7. The method as claimed in one of claim 1, in which the sheet (6)
is led through, essentially free of lubricant, between the
corrugating rolls (2, 3).
8. The method as claimed in one of claim 1, in which the
corrugating rolls (2, 3) generate a corrugated sheet (8) with a
wave length (22) and a wave height (23), the ratio of wave length
(22) to wave height (23) being lower than 2.5, preferably lower
than 1.5.
9. A device for producing a corrugated sheet (8) having a
corrugation (9), having two intermeshing corrugating rolls (2, 3),
between which a sheet (6) for a catalyst carrier body with a
thickness (D) smaller than 0.06 mm, preferably smaller than 0.04
mm, can be led through, characterized in that each corrugating roll
(2, 3) has a profile (10) which is formed by profile segments (11)

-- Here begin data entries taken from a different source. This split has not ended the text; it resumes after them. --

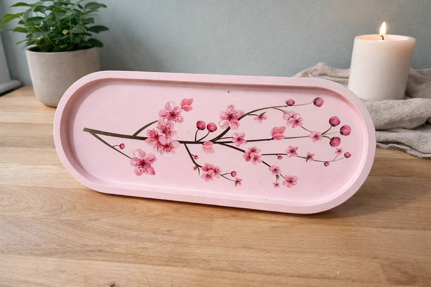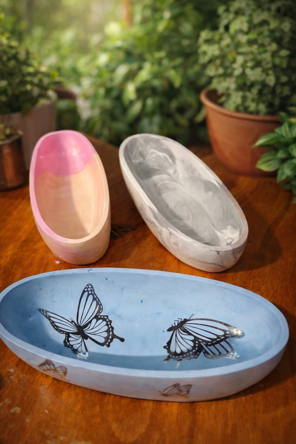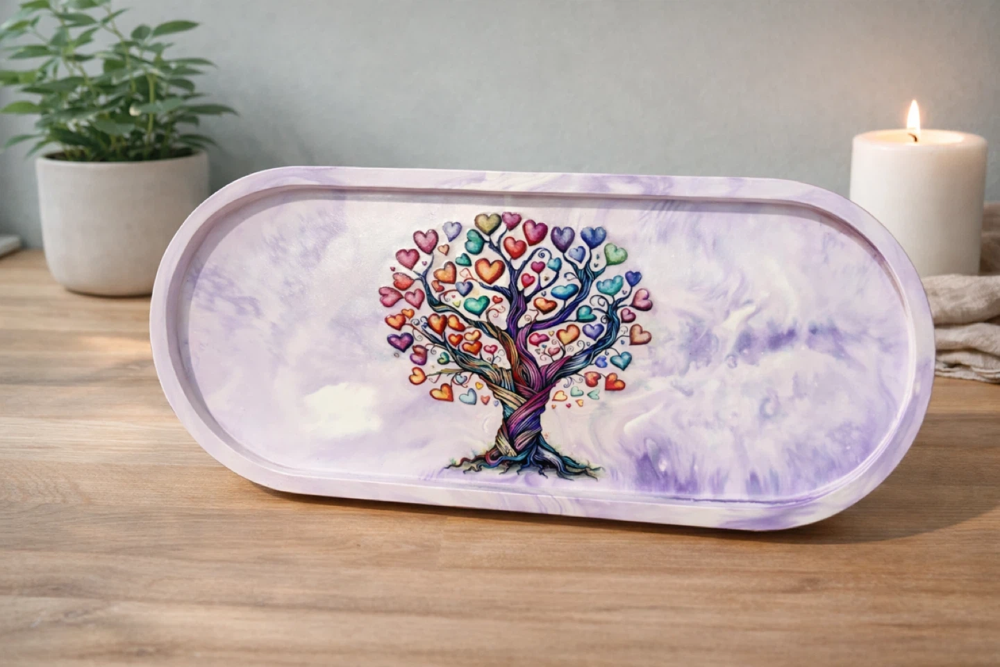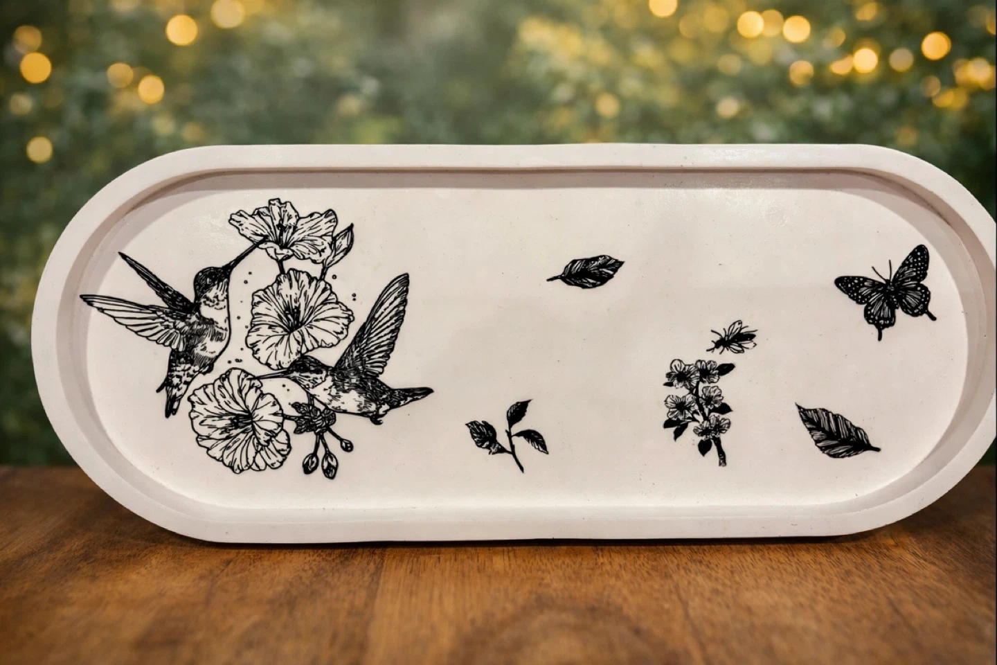 This oval tray and bowl is made of a durable eco resin material. It's perfect for holding small trinkets, keys, or jewelry. Several designs are available, including floral patterns and whimsical trees. $15 with matching pen/makeup brush cup
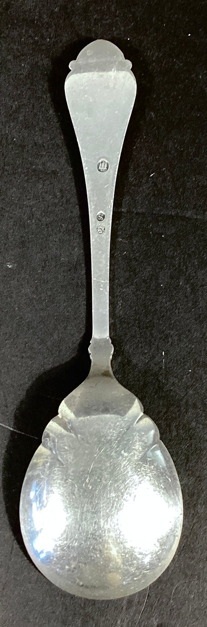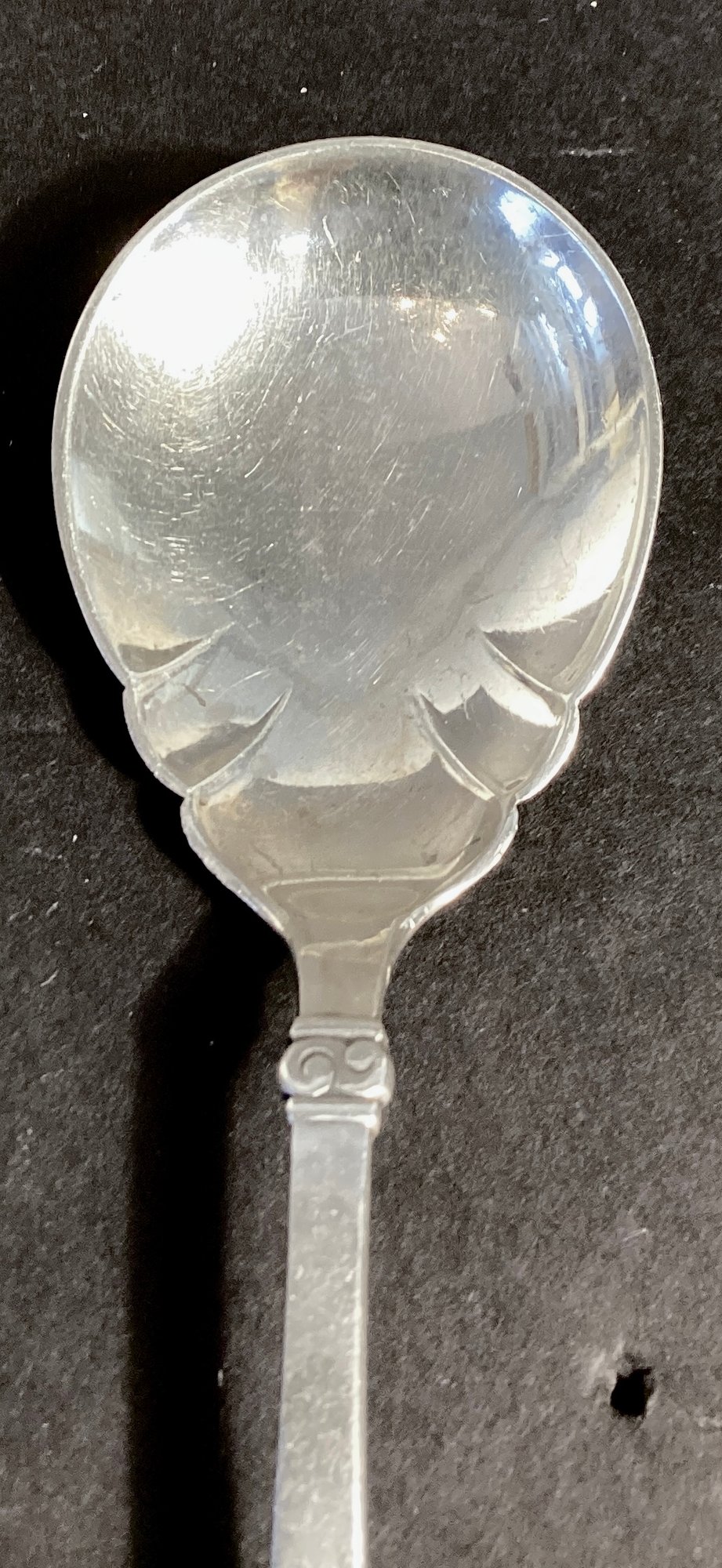A very attractive 826 silver spoon that is hand hammered with a gently shaped scallop design at the top of the bowl.
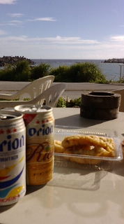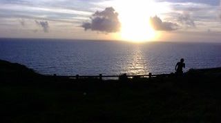 マハナに夕日をみんなで見に行って、ショップの犬も一緒にビアで乾杯。 民宿の食事を終えてまたも宴会、伊勢エビをホイル焼きでいただく、もう嬉しすぎ。 泡盛がまたもや進む。 帰り道の天の川は目映いぐらいに、闇夜に横たわる。 粟国ってイイ。
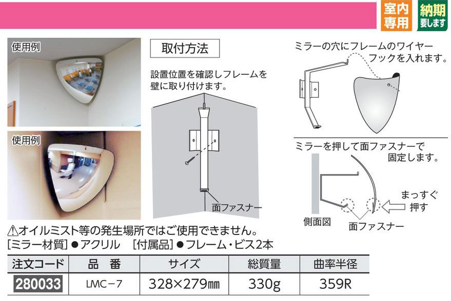 メーカー:日本緑十字社 サイズ 328×279mm 総質量 330kg 曲率半径 359R ミラー材質 アクリル 付属品 フレーム・ビス2本
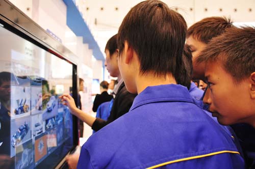 展览会上60寸的人机互动电视宛如一个“大苹果”,其游戏、学习、监控强大功能吸引众多观众。
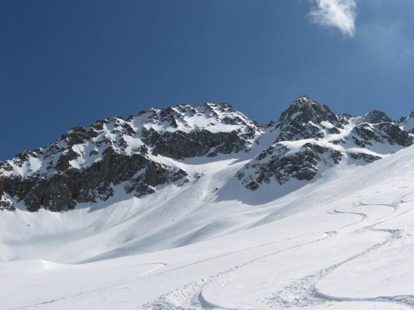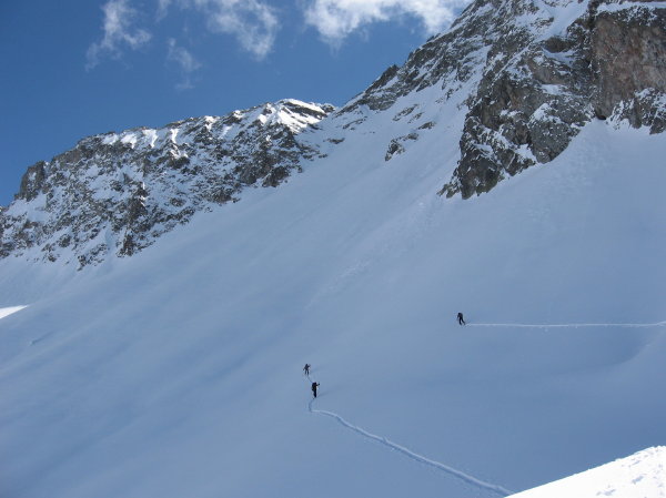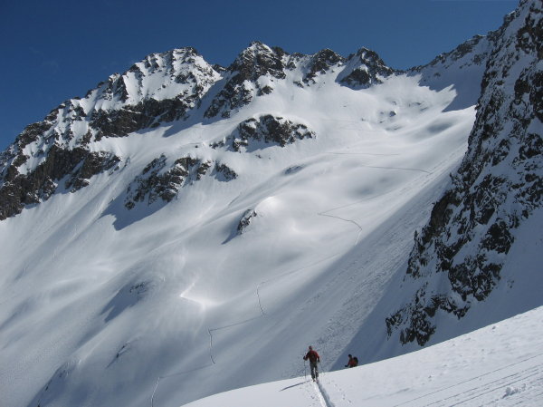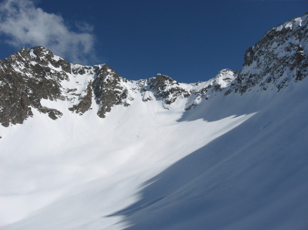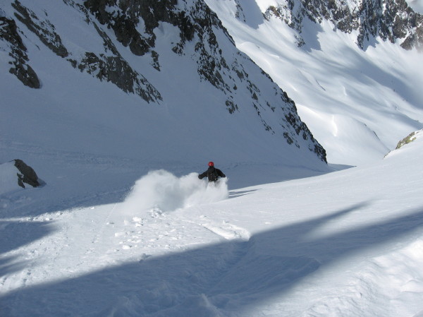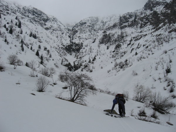 Encore un joli vallon sauvage effectivement bien défendu par des ressauts verno foireux: montée Rive gauche impec et descente rive droite au feeling (pas pu la repérer à cause du brouillard le matin). Ce jour ca passait bien. Neige extra et vue splendide. Seul bémol le brouillard bien épais qui monte dans l'AM: un peu déçus de pas avoir profiter de la bonne poudre plus longtemps dans la partie médiane de la dernière descente.

and the flank clearance (F) between two opposite flanks (17, 18) of
the profile segments (11) is greater than the thickness (D) of the
sheet (6).
10. The device as claimed in claim 9, characterized in that both
corrugating rolls (2, 3) are capable of being driven.

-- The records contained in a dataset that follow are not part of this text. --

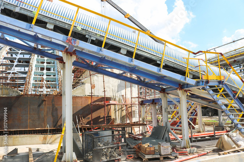Metal iron structures, industrial production with a conveyor, pipes, railings and pipelines at the production of an oil refining petrochemical plant
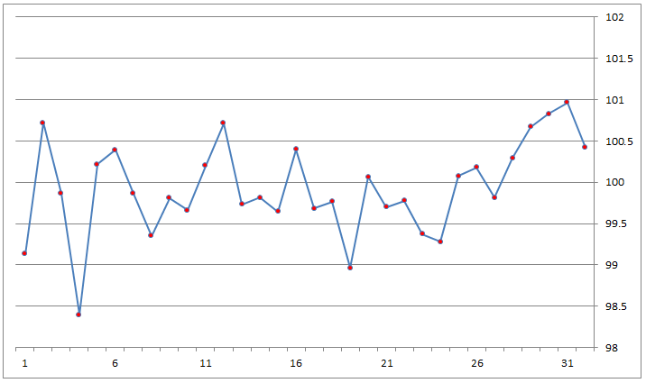 아무리 예가흐름에서 일관성 있고 규칙성있는 패턴을 보인다 해도, 그것은 단지 우연한 결과일 뿐, 그것과 미래에 일어날 사건과는 아무런 관계가 없습니다.
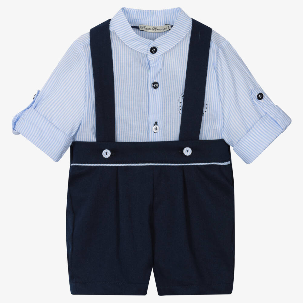 A traditional shirt and shorts set for little boys by Piccola Speranza, made in soft cotton. The lightweight collarless shirt is in a pale blue and white stripe, with a slogan print on the chest. The long sleeves can be turned up and secured in place with a button tab. The navy blue shorts are woven in soft will and have matching striped trims. There are attached straps that fasten with buttons at the front, and the waist is gently elasticated around the back.
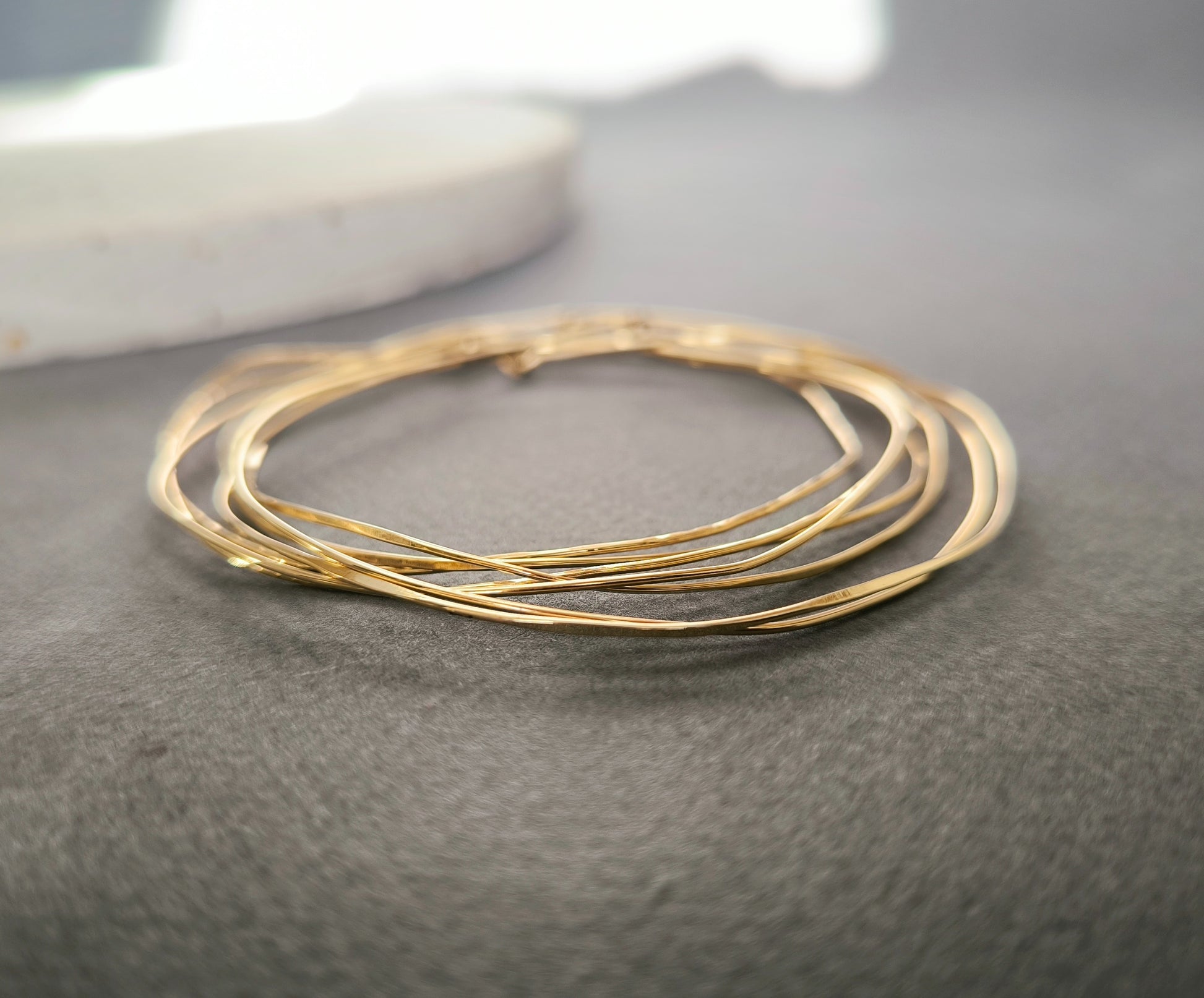Irréguliers et pleins de charme, ces bracelets jonc fins vous suivront partout : portez-les avec légèreté sur vos poignets nus, ou par dessus une manche de pull en maille en hiver..
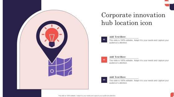 Presenting Corporate Innovation Hub Location Icon Graphics PDF to dispense important information. This template comprises three stages. It also presents valuable insights into the topics including Corporate, Innovation, Hub Location. This is a completely customizable PowerPoint theme that can be put to use immediately. So, download it and address the topic impactfully.

11. The device as claimed in claim 10, characterized in that one
corrugating roll (2, 3) is capable of being driven by a drive unit,
the two corrugating rolls (2, 3) being connected kinematically to
one another.
12. The device as claimed in claim 9, characterized in that the
distance (A) between the longitudinal axes (4, 5) of the
corrugating rolls (2, 3) is adjustable.
13. The device as claimed in one of claim 9, characterized in that
the flank clearance (F) between two opposite flanks (17, 18) of the
profile segments (11) is adjustable.
14. The device for producing a corrugated sheet (8) having a
corrugation (9), having two intermeshing corrugating rolls (2, 3),
between which a sheet (6) for a catalyst carrier body with a
thickness (D) smaller than 0.06 mm, preferably smaller than 0.04
mm, can be led through, in particular as claimed in one of claims 9
to 13, characterized in that at least a part of the profile
segments (11) of at least one of the two corrugating rolls (2, 3)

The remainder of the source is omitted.